We can infer another test to confirm our findings for the deviation given. The Shapiro Wilk Test for Normality. The null hypothesis for this test is that the data are normally distributed. If the p-value is greater than 0.05, then the null hypothesis is not rejected.
shapiro.test(College_Data$Median.Wage.Mid.Career)
##
## Shapiro-Wilk normality test
##
## data: College_Data$Median.Wage.Mid.Career
## W = 0.95555, p-value = 0.01089
As we can see the p-value is lower, so the null hypothesis for the normal population distribution is rejected (hence our finding previously is affirmed)

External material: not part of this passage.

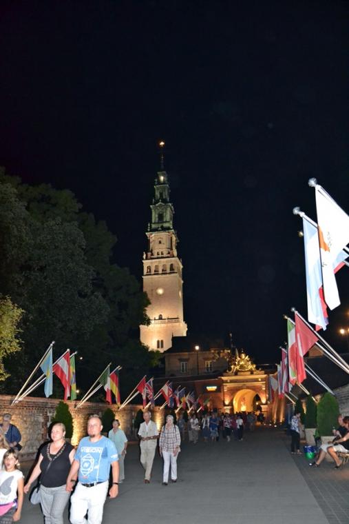 Potem wyruszyliśmy już do celu naszej pielgrzymki  na Jasną Górę. Tu zwiedziliśmy wystawę multimedialną „ Śladami Jezusa”. Był czas na indywidualną modlitwę w  Kaplicy Cudownego Obrazu Pani Jasnogórskiej. Zapewne wielu wyruszając na pielgrzymi szlak chciało spojrzeć w oczy Matki i Jej Boskiego Syna i w cichości serca powierzyć im najgłębiej skrywane radości i troski. Wiele osób nawiedziło kaplicę Adoracji Najświętszego Sakramentu.
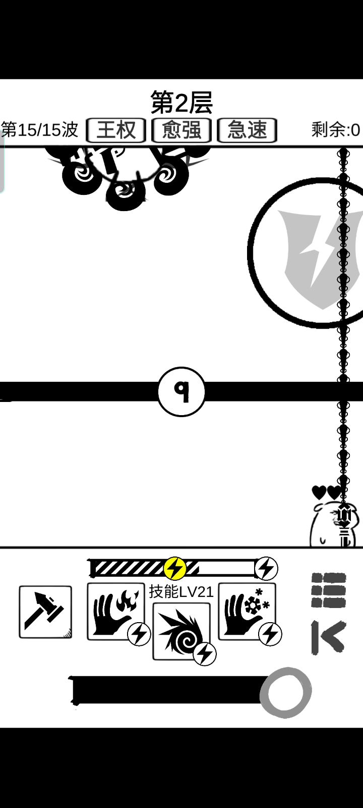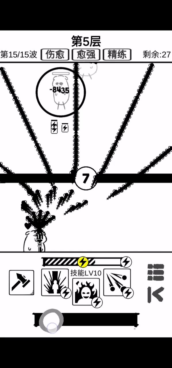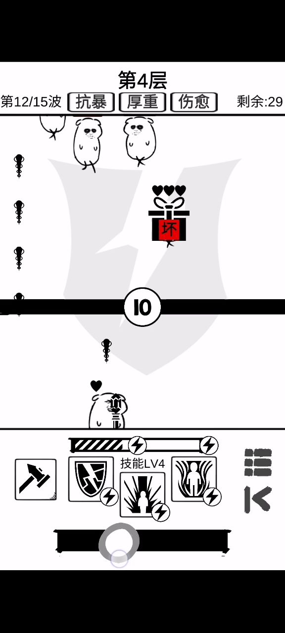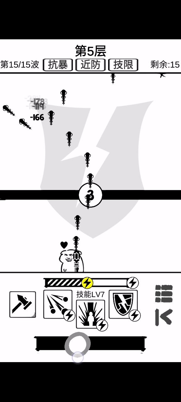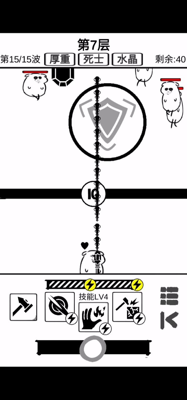 这游戏让我看到了科技和生产力的重要性,以及进一步理解了量产到质变的道理。 现在这阶段,能拿蓝色拿蓝色,有了生产力,才好办事。 然后呢,散射现在这层还能用,不知道再往后行不行。 最强的永远不是boss,而是背景是盾的那个怪,丫的一A出来我建的五十多血的墙一枪给我撸没了,心痛,这玩意可以用加固来挡,没CD的话就只能心疼一下墙了。

Finally lets test for possible correlations among different variable (on a scale from 1 - perfect correlation , to -1 perfectly negative correlation).
cor(College_Data$Share.with.Graduate.Degree, College_Data$Median.Wage.Early.Career)
## [1] -0.07664187
cor(College_Data$Share.with.Graduate.Degree, College_Data$Median.Wage.Mid.Career)
## [1] -0.001777715
cor(College_Data$Share.with.Graduate.Degree, College_Data$rise_sal)
## [1] 0.07915562
cor(College_Data$Unemployment.Rate, College_Data$Median.Wage.Early.Career)
## [1] 0.04972598
No Correlations so far, so we will just leave it at that, and let you explore the other findings through the paths provided.